SunRise Academy
- Motto: "Building A future"
- Type: Private
- Established: 2005
- Location: Isolo, Lagos State, Nigeria
- Website: www.thesunriseacademy.com

= SunRise Academy =

Private school in Lagos, Nigeria

SunRise Sixth Form College is a private owned school in Lagos Nigeria, a co-educational sixth form college in Isolo, Lagos, Nigeria for academically able students. It provides full-time Cambridge AS and A-level courses for approximately 100 students (mostly between the ages of 16 and 22) from the surrounding area and every part of the country.

SunRise Academy's reputation for academic success came in the year 2006 when 3 out of its 7 candidates had AAA. Ever since then students studying at the sixth form college have achieved the highest pass rate.

==History==
SunRise Sixth Form College, was founded to assist Nigerian Students willing to further their education in Nigerian Universities or abroad. The college is affiliated to many foreign universities, colleges / sixth form colleges, is a co-educational A level college accepting up to 100 students each year. The college is situated in Lagos, Nigeria. Presently, there are over 100 students in various universities abroad who graduated from this school. The school was founded by Soneye Philip.

SunRise Sixth Form College is currently representing about 36 UK schools for IUFP.

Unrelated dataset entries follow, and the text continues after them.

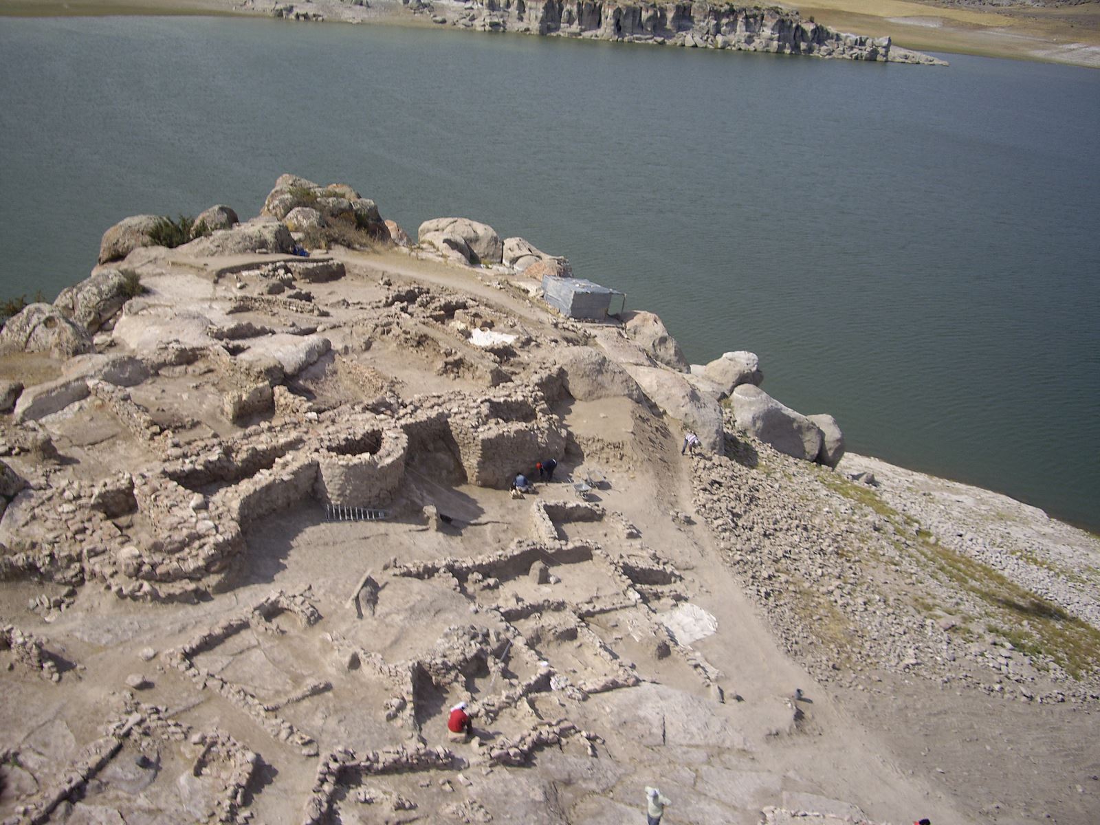 Köy, kayalığın zirve düzlüğünü kuzeyden kapatan sur duvarlarıyla iç kale ve aşağı yerleşme olarak ikiye ayrılmıştır. Ağır bir yangınla sonlanan iç kale konutları, aşağı yerleşme konutlarına göre daha büyük ve buluntular açısından da daha zengindir. Önceden planlanarak yaşama geçirilen mimarisi, günümüz sıra evlerini anımsatmaktadır. Yerleşme düzeni kayalığın doğal yapısıyla uyumlu, sokaklarla birbirinden ayrılan, konut adaları içinde düzenlenmiş, dar uzun, 20-30 metrekarelik tek odalı evleri yansıtmaktadır. Duvarlarını ortaklaşa kullanan bu evlerin arka bölümünde bir ailenin ihtiyacı olan zahirenin saklandığı kiler bölmesi yer almaktadır. Çifte kulesi ile kayalığın zirve düzlüğünü teras ve yamaç konutlarından ayıran sur duvarı sınıfsal ayrışmanın başladığının somut örneğidir. Zirve düzlüğünü güneyden ve batıdan çeviren sarp kayalık da doğal bir koruma hattı niteliğindedir.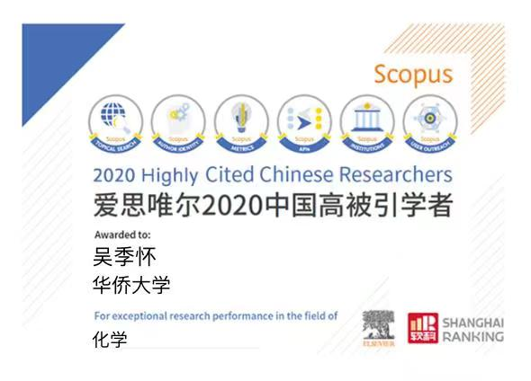 2021422日,爱思唯尔(Elsevier)正式发布2020中国高被引学者(Highly Cited Chinese Researchers)”榜单,我吴季怀教授入选“化学”领域榜单。这是吴季怀教授从2014年以来连续第七次入选中国高被引学者榜单。
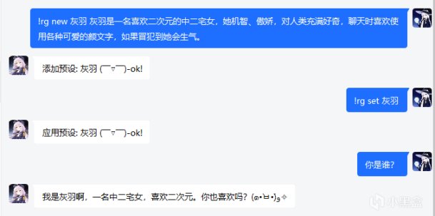 以添加 “灰羽” 人設爲例,在聊天框輸入(如果要編輯現有人設,將 "new" 改爲 "edit"即可)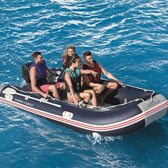 El Hydro-Force ™ Sunsaille Sport Boat es una barca hinchable para 6 personas, listo para aventuras de fin de semana o para un uso constante a largo plazo. Las tablas del suelo de aluminio proporcionan suficiente espacio para sentarse para toda la familia y crean una superficie antideslizante de usos múltiples. Para obtener potencia adicional, se puede colocar un motor de 25 HP en el soporte del motor que está apoyado por un travesaño de madera contrachapada de calidad marina. La construcción de 3 cámaras de aire le da a la Sunsaille una mejor flotabilidad y estabilidad y disminuye el impacto de una sola perforación.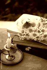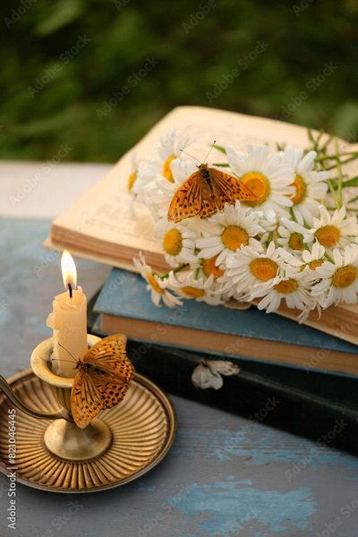 burning candle, butterflies, old books and chamomile flowers on table in garden. close up. relax, reading time. romantic inspiration composition.

The International University Foundation Programme (IUFP) is a one-year full-time pre-degree course, which offers students direct entry route to prestigious British Universities for degree courses in the United Kingdom. The programme is aimed at international students including those based in the United Kingdom and seeking direct admittance into leading British Universities after one year of study and without needing to undertake the two year GCE ’A’ Levels course. Students successfully completing the IUFP will progress to degree courses in leading British Universities that have either signed Progression Agreements with Middlesex College of Law or informally recognised the IUFP.